- Born: Los Angeles, California, U.S.
- Education: Florida International University
- Occupations: Actress, singer, performer
- Years active: 2004–present
- Known for: Carla, In the Heights (2007) Alice, Wonderland (2011)
- Awards: Drama Desk Award (In the Heights, 2007)
- Website: www.janetdacal.com

= Janet Dacal =

American actress

Janet Dacal (/dəˈkɔːl/ də-CAWL;) born in Los Angeles, California) is an American actress, singer, and performer in musical theatre. She received the Drama Desk Award for her performance in the Broadway musical In the Heights.

== Early life ==
Dacal's parents are from the La Vibora neighborhood of Havana, Cuba, though she was born and grew up in Los Angeles. In an interview, Dacal said, "My mom says that when I was four, I would grab a brush and pretend to sing songs into a microphone . . . I was the little girl of the family, and they loved to see me dance around and make people laugh." In Los Angeles, Dacal attended a performing arts middle school and high school. Dacal moved to Miami when she was 17, where she continued to be involved in the arts. After graduating from Coral Park High School, she attend Florida International University, initially pursuing a theater degree but later switching to a communications degree. In college, she worked in the recording studios of Emilio and Gloria Estefan and eventually other Latin pop stars. She discovered her passion for theater after she performed in the Miami production of Four Guys Named Jose…and Una Mujer Named Maria.

==Career==
In 2004, Dacal made her Broadway debut in the original cast of Good Vibrations. She then originated the role of beauty salon worker Carla in the 2007 off-Broadway musical In the Heights, for which she won a Drama Desk Award. Dacal reprised this role for the musical's 2008 Broadway transfer. In addition to playing Carla, she understudied Karen Olivo as Vanessa and Mandy Gonzalez as Nina and had gone on for both roles.
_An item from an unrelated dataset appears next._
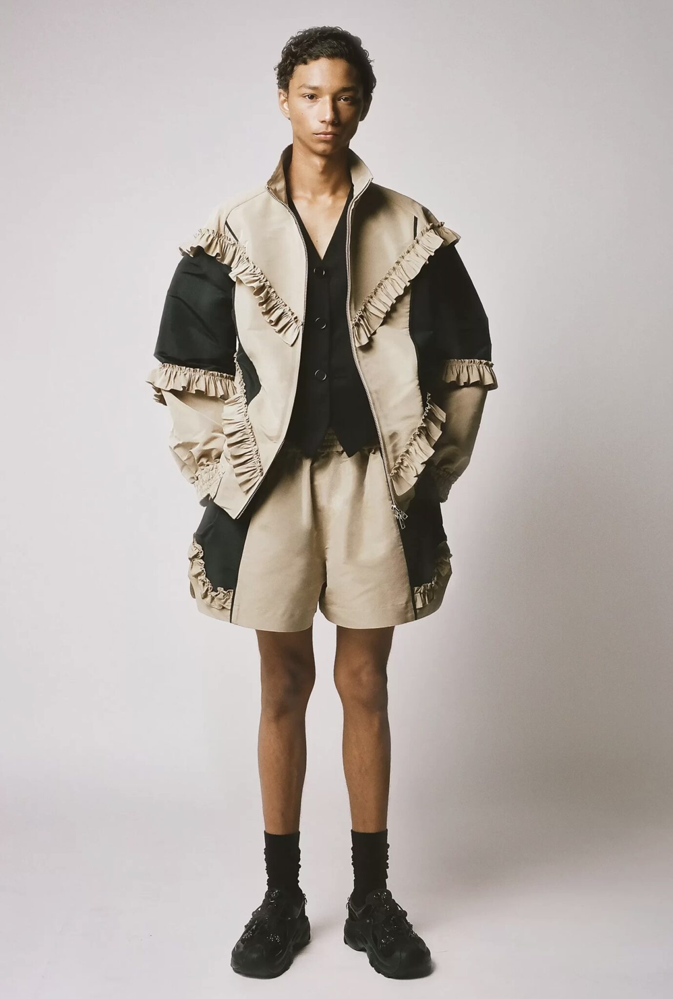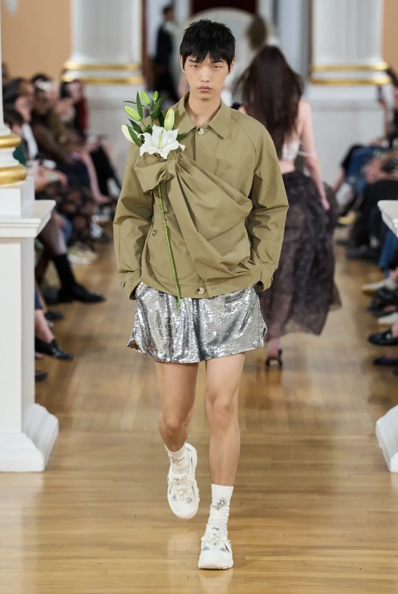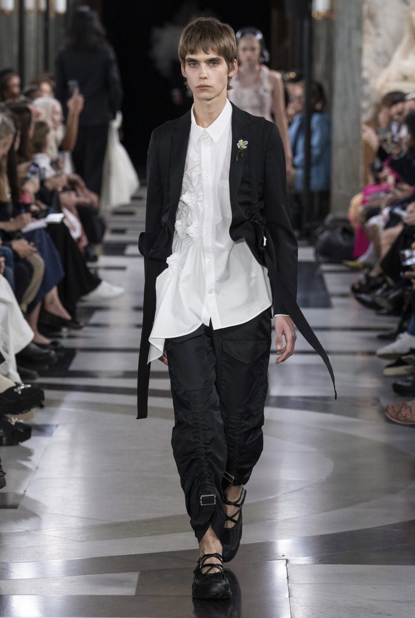Questo debutto in solitaria non solo consolida l’evoluzione della sua linea uomo, introdotta nel 2022, ma evidenzia anche una scelta strategica: dare piena autonomia a un linguaggio creativo che finora conviveva con le sue collezioni femminili. In questa nuova fase, Rocha mette al centro una narrazione propria per il menswear, in cui i suoi codici — romanticismo, fragilità e struttura — si sviluppano senza interferenze né divisioni in passerella.

She has appeared in a Musicals Tonight! concert in New York City, and also performed with the cast of In the Heights at the "Broadway in Bryant Park" festival in July 2009. She returned to In the Heights on February 19, 2010, as Nina Rosario, playing her last performance in August 2010.

Dacal appeared in the Off-Broadway production of Byzantium. Regionally, she has appeared in a South Florida production of Five Course Love, for which she received a Carbonell Award nomination.
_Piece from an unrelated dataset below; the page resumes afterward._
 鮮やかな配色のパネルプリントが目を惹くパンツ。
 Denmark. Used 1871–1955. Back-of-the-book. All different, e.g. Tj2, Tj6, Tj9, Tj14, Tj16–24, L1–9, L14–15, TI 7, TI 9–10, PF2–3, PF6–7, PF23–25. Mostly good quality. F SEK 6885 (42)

At the 2011 Outback Bowl, held on January 1, 2011, in Tampa, Florida, Dacal performed "The Star-Spangled Banner". She participated in the Young People's Chorus fundraising gala, titled Dreamer, at the Frederick P. Rose Hall in the Lincoln Center for the Performing Arts on March 7, 2011.

Dacal then starred in several out-of-town tryouts of the musical Wonderland, for which she received encouraging reviews. The Sarasota Herald-Tribune wrote that she had "a strong voice and presence." Dacal reprised her role as Alice in the Broadway production of the musical at the Marquis Theatre, which began performances in March 2011. However, after negative reviews and bad ticket sales, the production closed on May 15, 2011.

From July to November 2017, Dacal starred in the limited-run musical Prince of Broadway where she was a leading performer.

From January 3, 2020, until the March 2020 coronavirus shutdown, Dacal played Dina in the national tour of The Band's Visit. She resumed playing Dina when the tour restarted in autumn 2021.

== Recordings ==
In 2007, she provided background vocals for the album Mi tiempo by Chayanne. Dacal can also be heard on the cast recordings of In the Heights (2008), Wonderland (2011), and Prince of Broadway (2018). In an interview, she stated that she hopes to collaborate on a solo album with Wonderland composer Frank Wildhorn, although no official plan has been made.